Some context: the startup I was working for at the time was in the midsts of the Techstars incubator and building out their MVP. However, in order to onboard industry experts to be interested in our product (and perhaps provide funding or advice), we needed to demo the functionality of our MVP without having fully implemented the backend yet.

This lead to one the most stressful, but also funniest, moments of my life in startups.

We were ramping up to perform a demo of the product, and somehow, I was assigned as the team lead for this “Wizard of Oz” moment. I ended up having to lead “practice rounds” with the entire team, having the founders “perform the demo,” and frantically putting together a result by hand with the rest of the team.

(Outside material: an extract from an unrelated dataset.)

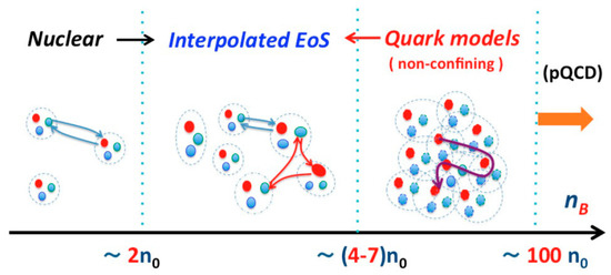 The conjectured QCD phase diagram shown in Figure 3 indicates a first order phase transition at high net-baryon densities, ending in a critical point. None of these structures has been found so far. As mentioned in the beginning, first-principle theories, such as perturbative QCD, still fail to make reliable predictions for properties of matter at large baryon chemical potentials. In order to get an idea on the degrees-of-freedoms of matter in the core of neutron stars, we have to rely on effective models. One example is illustrated in Figure 6, which depicts a schematic picture of a transition from nuclear to deconfined quark matter with increasing density [33]. For densities below 2 ρ0, the dominant interactions occur via a few meson or quark exchanges and the matter can be described in terms of interacting nucleons. For densities in the range from 2 ρ0 to 4–7 ρ0, many-quark exchanges dominate, and the system gradually changes from hadronic to quark matter. For densities beyond 4–7 ρ0, nucleons percolate, start to melt and to dissolve into their constituents, which do not longer belong to particular nucleons. A perturbative QCD description is expected to be valid only for extremely high densities, that is, above 100 ρ0.

The way this would work would be:

  1. The user would submit a photo
  2. We would show a “Processing” screen in the meanwhile
  3. Our founders would distract the user with details about the MVP, potential use cases, etc.
  4. The rest of the team, including myself, would be performing manual analyses on this photo
  5. After a maximum of 5 minutes, we would return this result as a “automated” email to the user
  6. The user would review the results

As you can imagine, the logistics of this were a nightmare – but somehow, we pulled it off!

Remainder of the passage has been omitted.